Девушка опустилась на колени, придвинулась к Николаю и стала ловко пришивать пуговицу. Пальцы быстрой руки иногда касались его шеи или щеки, и от этих легких прикосновений он вздрагивал, точно с кончиков их слетали колючие электрические искры.

Пришив пуговицу, девушка наклонилась, чтобы перекусить нитку. Дыхание ее коснулось лица Николая. Он весь напрягся, одеревенел, боясь пошевельнуться.

— Муся, осторожней, сердце ему не пришей, — заметила старшая.

Щелкнув ниткой, девушка отодвинулась, нахмурив выгоревшие брови, довольно оглядела свою работу и вдруг озорно засмеялась:

— Не беспокойтесь, Матрена Никитична! У него и сердца-то нет…

Легко вскочив, девушка убежала к подруге и что-то зашептала ей.

От костра уже несло густым духом белых грибов, похлюпывавших в котелке.

— Эх, беда, маслица шматочка нет!

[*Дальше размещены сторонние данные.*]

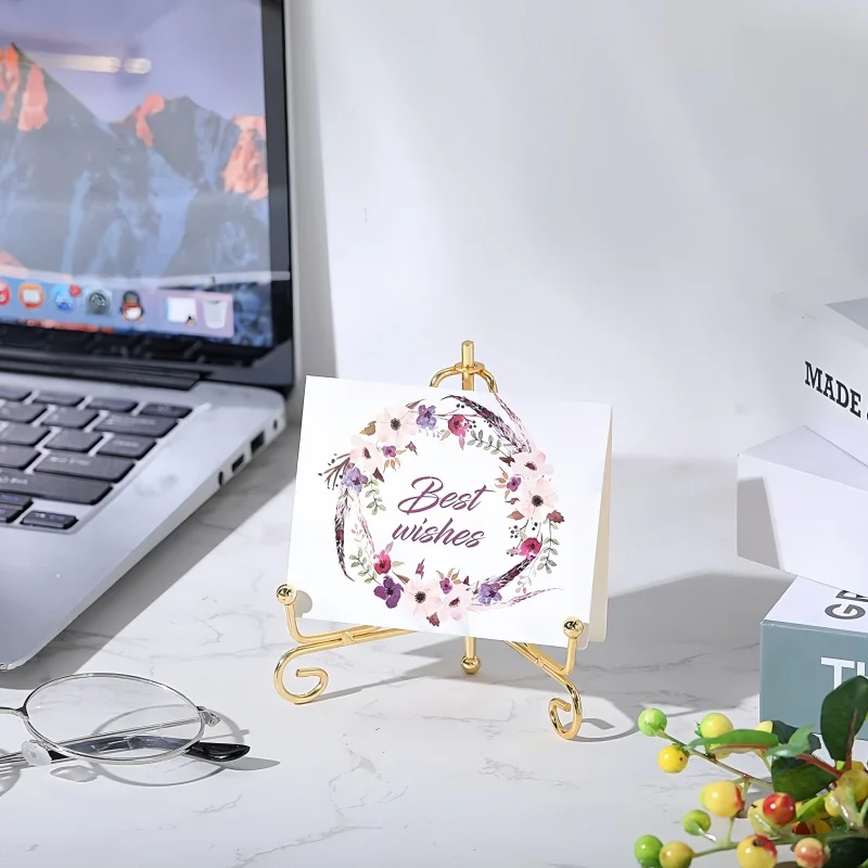 Golden Iron Versatile Display Stand for Craft Clock Holder Picture Frame Art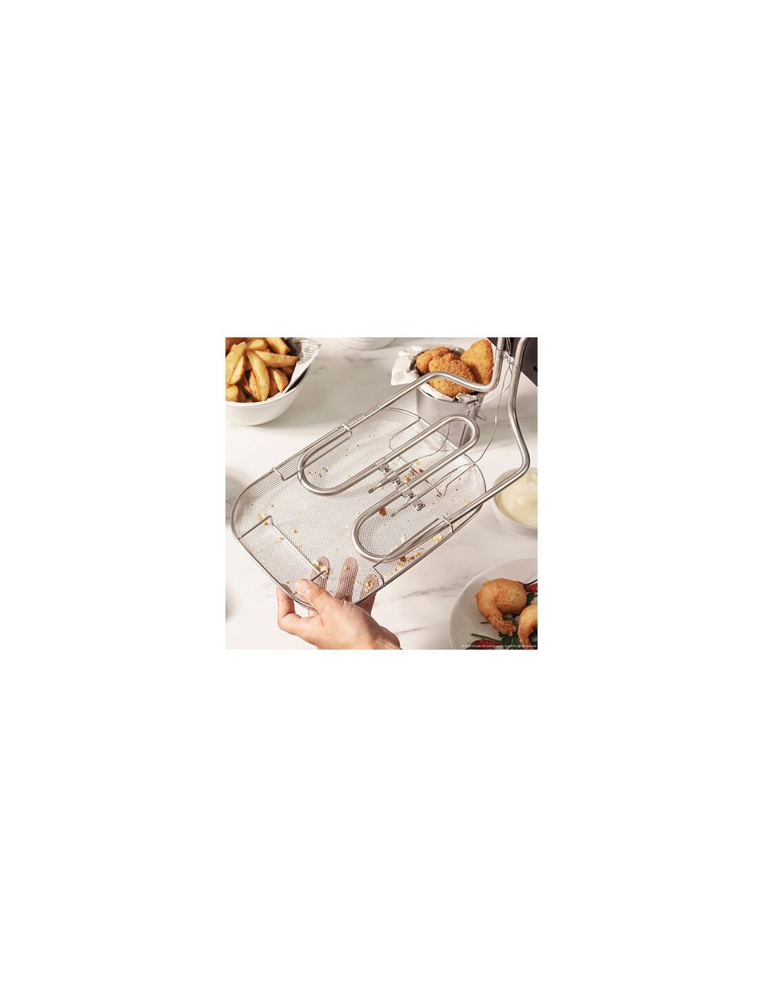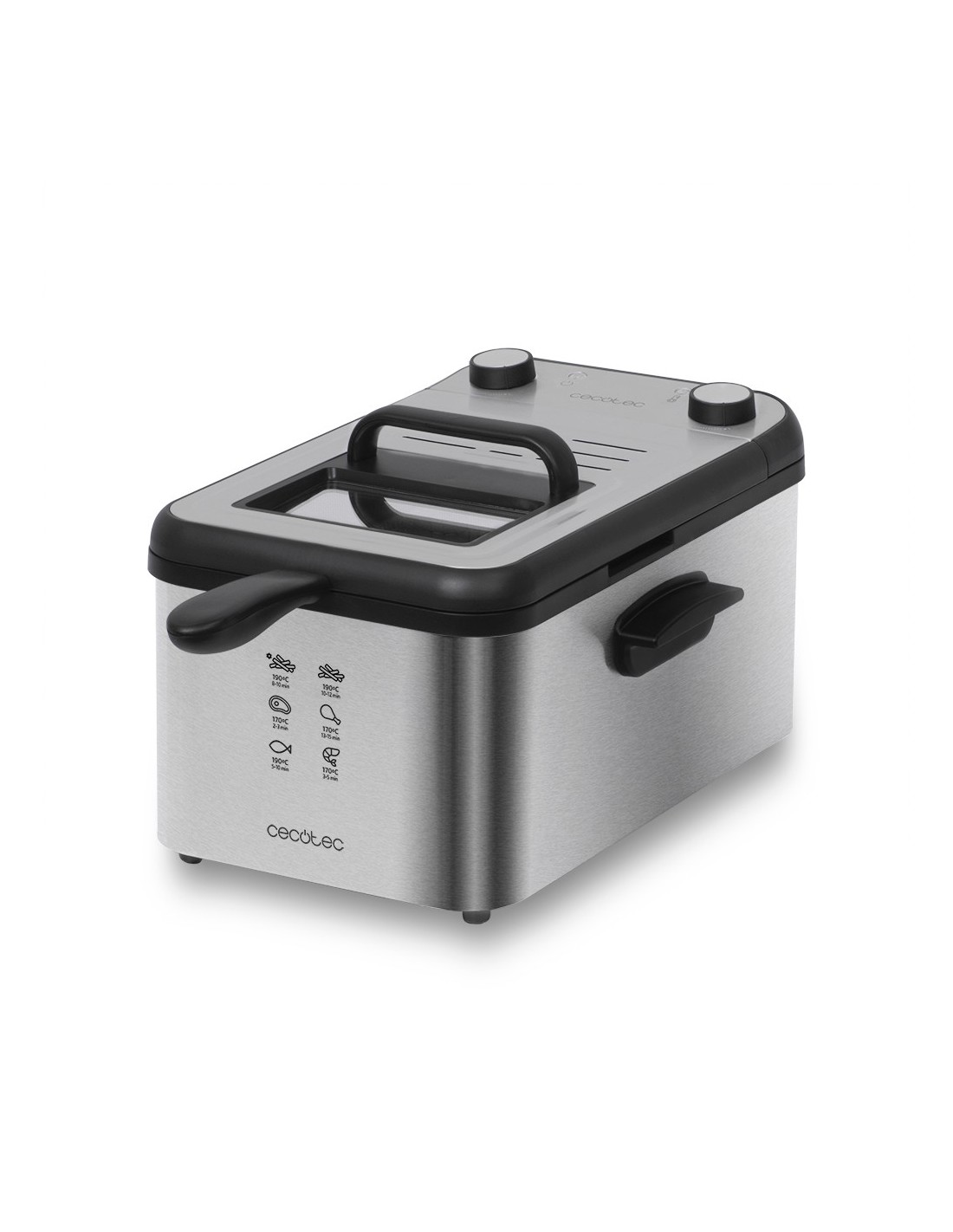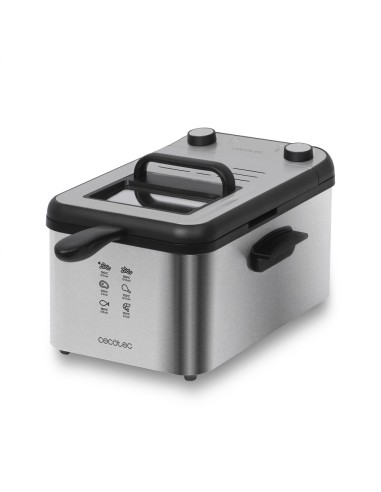 CleanFry Infinity 3000 Full Inox Cecotec freidora eléctrica CleanFry 3000 Full Inox freidora de 3 litros de capacidad de aceite, filtro OilCleaner, 2400 W, cubeta, cestillo de freír y filtro OilCleaner aptos para lavavajillas, temporizador de 30 minutos y cubeta fabricada en acero de gran calidad. Freidora de alta gama con capacidad de 3 litros de aceite con la que podrás conseguir todo tipo de frituras crujientes para toda la familia. Incluye filtro OilCleaner para mantener el aceite limpio tras cada uso. Cubeta, cestillo de freír y filtro OilCleaner aptos para la limpieza en el lavavajillas. Dispone de 2400 W de potencia máxima para freír de forma rápida y eficaz consiguiendo una fritura perfecta en poco tiempo y utilizando menos aceite. Su cubeta está fabricada en acero de gran calidad y resistencia que previene la oxidación, aumenta la durabilidad y garantiza una mejor limpieza. Tapa de acero con filtro antiolores para evitar molestias en la cocina. Ventana en la tapa para controlar a la perfección el proceso de fritura. Cuenta con un temporizador de 30 minutos para preestablecer fácilmente el tiempo de fritura y lograr los resultados deseados. Temperatura regulable hasta 190 ºC para conseguir los mejores resultados. Totalmente desmontable para facilitar su limpieza y mantenimiento. Diseño elegante con acabados en acero. La cesta de freír cuenta con mango de tacto frío para poder controlar el proceso de fritura y evitar quemaduras. Indicador luminoso y de alcance de temperatura. Protección contra sobrecalentamiento.

Я бы такую поджарку сотворил… — вздохнул Кузьмич, щурясь на огонь и бросая в котелок соль.

— А у нас дома их в сметане томили. Зальют сметаной — они в ней пыхтят, пыхтят и такие вкусные получаются… — мечтательно сказала девушка, наматывая остаток нитки на иголку, которую она приладила за лацканом своей куртки.

— Это далеко ль — у вас? Где ж это по такому манеру с боровиками расправляются? — будто невзначай спросил Кузьмич, весь, казалось, поглощенный возней у костра.

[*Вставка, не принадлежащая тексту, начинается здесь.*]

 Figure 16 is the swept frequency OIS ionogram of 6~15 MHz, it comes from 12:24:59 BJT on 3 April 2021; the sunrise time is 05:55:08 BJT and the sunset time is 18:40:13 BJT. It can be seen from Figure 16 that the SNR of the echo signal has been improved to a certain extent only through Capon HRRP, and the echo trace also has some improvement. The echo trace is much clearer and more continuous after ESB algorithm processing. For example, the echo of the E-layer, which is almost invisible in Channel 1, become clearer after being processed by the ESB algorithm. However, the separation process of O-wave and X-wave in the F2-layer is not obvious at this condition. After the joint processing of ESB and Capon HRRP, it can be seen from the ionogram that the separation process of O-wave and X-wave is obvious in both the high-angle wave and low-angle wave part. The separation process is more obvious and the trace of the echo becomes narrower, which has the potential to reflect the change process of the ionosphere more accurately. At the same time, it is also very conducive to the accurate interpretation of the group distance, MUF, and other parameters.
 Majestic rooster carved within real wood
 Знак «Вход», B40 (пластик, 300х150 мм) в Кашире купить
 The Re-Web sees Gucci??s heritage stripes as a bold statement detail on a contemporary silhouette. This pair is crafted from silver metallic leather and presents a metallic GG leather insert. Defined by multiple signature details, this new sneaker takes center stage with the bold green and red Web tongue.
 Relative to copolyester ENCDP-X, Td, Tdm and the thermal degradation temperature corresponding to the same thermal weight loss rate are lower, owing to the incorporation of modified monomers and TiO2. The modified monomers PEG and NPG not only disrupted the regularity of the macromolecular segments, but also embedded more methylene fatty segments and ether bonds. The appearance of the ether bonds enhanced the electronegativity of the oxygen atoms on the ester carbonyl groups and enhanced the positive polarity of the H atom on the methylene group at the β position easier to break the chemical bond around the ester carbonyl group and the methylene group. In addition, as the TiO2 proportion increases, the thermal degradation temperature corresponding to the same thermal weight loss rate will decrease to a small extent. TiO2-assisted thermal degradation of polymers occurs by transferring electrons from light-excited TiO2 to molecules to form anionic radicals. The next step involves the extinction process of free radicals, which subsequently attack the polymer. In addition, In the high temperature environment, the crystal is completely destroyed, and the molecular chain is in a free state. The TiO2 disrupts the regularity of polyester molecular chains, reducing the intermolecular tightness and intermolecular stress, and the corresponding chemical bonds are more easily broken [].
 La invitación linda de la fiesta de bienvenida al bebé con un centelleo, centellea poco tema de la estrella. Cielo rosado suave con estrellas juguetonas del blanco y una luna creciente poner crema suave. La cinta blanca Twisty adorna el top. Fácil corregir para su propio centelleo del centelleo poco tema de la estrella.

И тут младшая назвала город, находившийся далеко на западе, город, где, как знал Николай, действительно говорили цокающим говорком.

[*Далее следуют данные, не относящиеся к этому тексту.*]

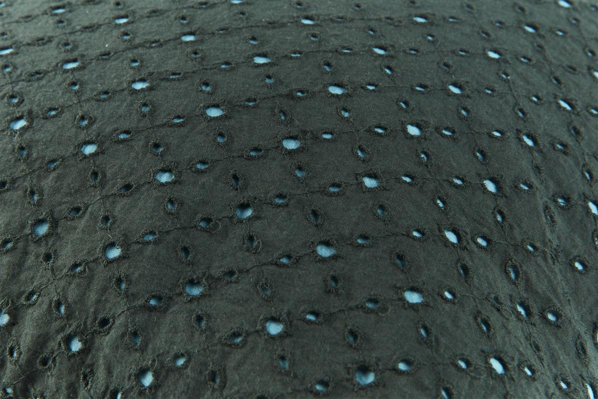 Sierkussen Chelsy speelt in op de trend embroidery anglaise. De voorkant van het sierkussen bestaat uit blauwe geborduurde gaatjes op een donkergroene achtergrond. De achterzijde van het kussen heeft een effen donkergroene kleur. Dit sierkussen is verkrijgbaar in meerdere kleurstellingen. Sierkussen Chelsy is gemaakt van 100% katoen. Het formaat is 40 x 40 cm. Het kussen heeft aan de onderkant een ritssluiting en wordt geleverd inclusief een veerkrachtig polyester binnenkussen. Leuk detail: het sierkussen heeft een gouden puller aan de ritssluiting in de vorm van een Amsterdams grachtenpandje. Het kussen is niet geschikt voor de wasmachine en droger.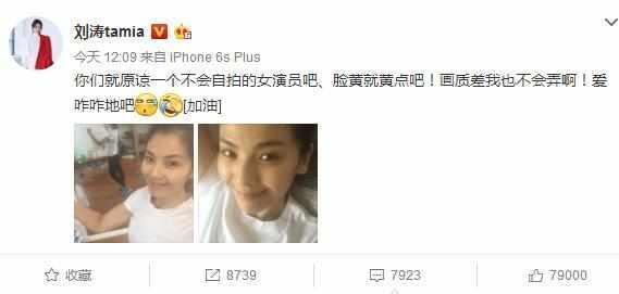 近期,劉濤在微博上面曬出了兩張照片,附文“你們就原諒一個不會自拍的女演員吧、臉黃就黃點吧!畫質(zhì)差我也不會弄啊!愛咋咋地吧”!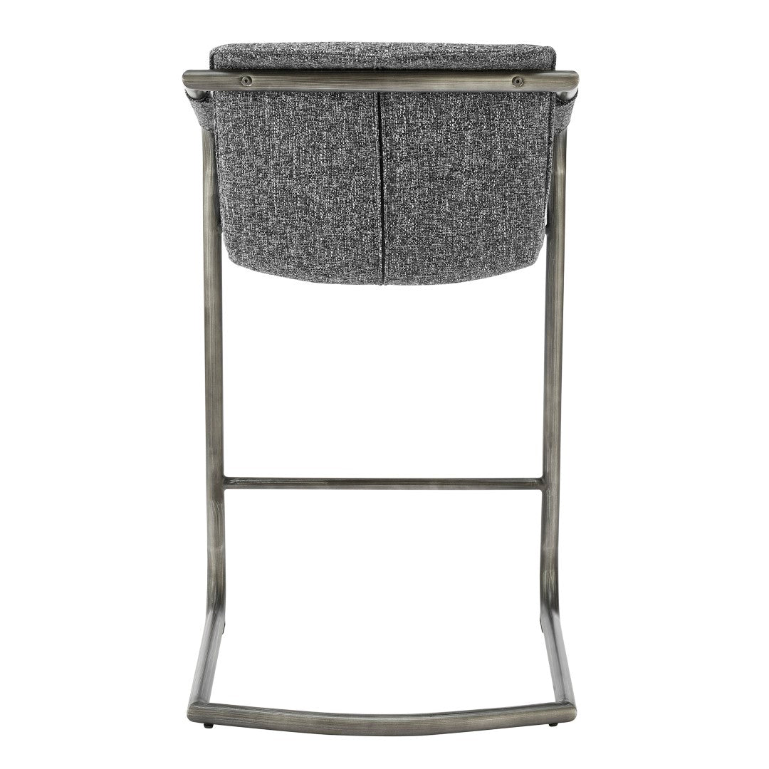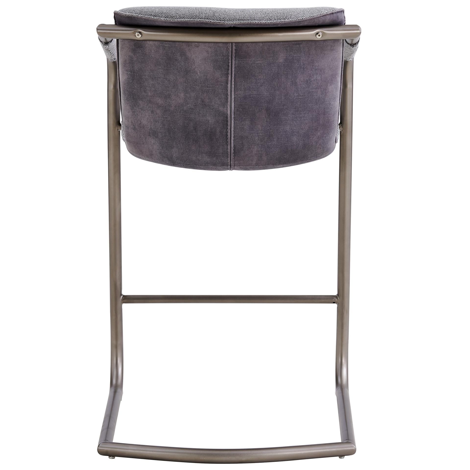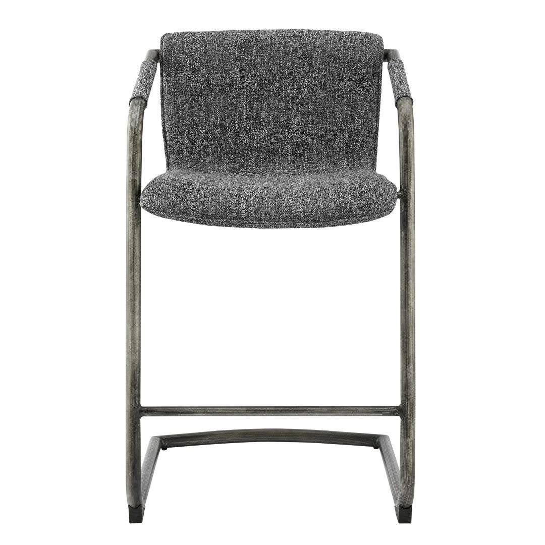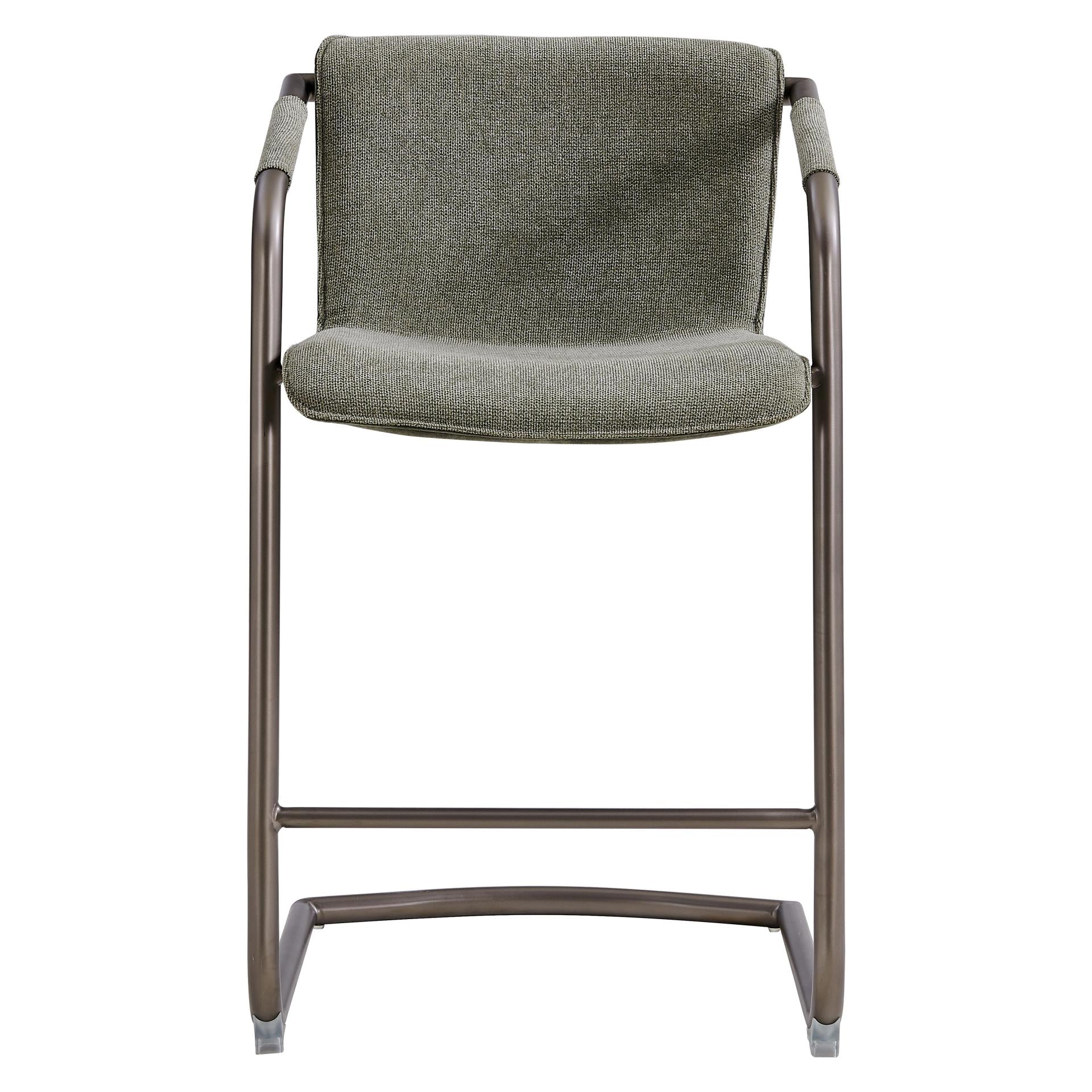 - Feature 1: INDUSTRIAL CHIC - Casual 35" h counter stool with stylish vintage hue upholstery and sleek wrapped arm detail on modern cantilever legs. Foot bar is incorporated for sturdiness.

Кузьмич вскочил и, потрясая маленькими, сухонькими кулачками перед носом девушки, торжественно закричал:

— А, попалась! А что утром говорила? Ну? Когда врала — тогда или сейчас? Говори! Кому служишь? Немцам? Ну, отвечай, отвечай, подлая!

Николай попробовал его утихомирить, но Кузьмич накинулся и на товарища:

— Отойди, Никола-угодник! Раскис, как гриб-шляпяк. Ну, кто прав? Ты лучше Кузьмича слушай, Кузьмич не подведет… — Он снова обратился к девушке: — А ты чего отворачиваешься? Ты что фашисту продала? Гляди на меня, подлая, и отвечай! Родину ты продала, вот что! Вот развернусь да как дам по бесстыжим глазам… овчарка немецкая!

Но тут поднялась и старшая. Она спокойно отряхнула с юбки грибные очистки и тем ровным, уверенным голосом, каким сильные характером жены успокаивают вздорных мужей, сказала, глядя на старика сверху вниз:

— Ты что расшумелся? Со снохой, что ли, говоришь? Тебе кто дал право допрашивать, ты кто такой? Сказано: веди к командиру — веди. Побежим — стреляй… А то разошелся!..

Грибы ели молча, стараясь не смотреть друг на друга.

Старшая хозяйски собрала посуду, взвалила на плечи свой тяжелый мешок и с тем же спокойствием сказала:

— Пошли, что ли. А то этот и вовсе на людей кидаться станет. Одурел от своего табачища.

И опять они шли тихим лесом.

10

Новая обмолвка девушки не давала Николаю покоя: «Зачем они лгут, путают? Неужели все-таки лазутчицы?»

Назойливо перебивая эти тревожные размышления, снова и снова звучали в его ушах слова, слышанные в последнюю ночь там, дома, в депо, и потому, должно быть, особенно дорогие: «Средь шумного бала, случайно, в тревоге мирской суеты, тебя я увидел, но тайна твои покрывала черты…» Ничего себе бал! И тайна скверная. Ведь, главное, лжет она с таким искренним видом. А для чего? К чему?… А с другой стороны, сам-то он, повстречайся вот так в лесу с незнакомыми вооруженными людьми, да еще одетыми в немецкое обмундирование, разве сказал бы правду?

Но этот проклятый мешок!

Чтобы отвлечься, Николай начал тихонько напевать. Звонкий девичий смех послышался в торжественной тишине леса. «Это, конечно, она… «…и смех твой печальный и звонкий…» Какой, к черту, печальный! Над кем это она?»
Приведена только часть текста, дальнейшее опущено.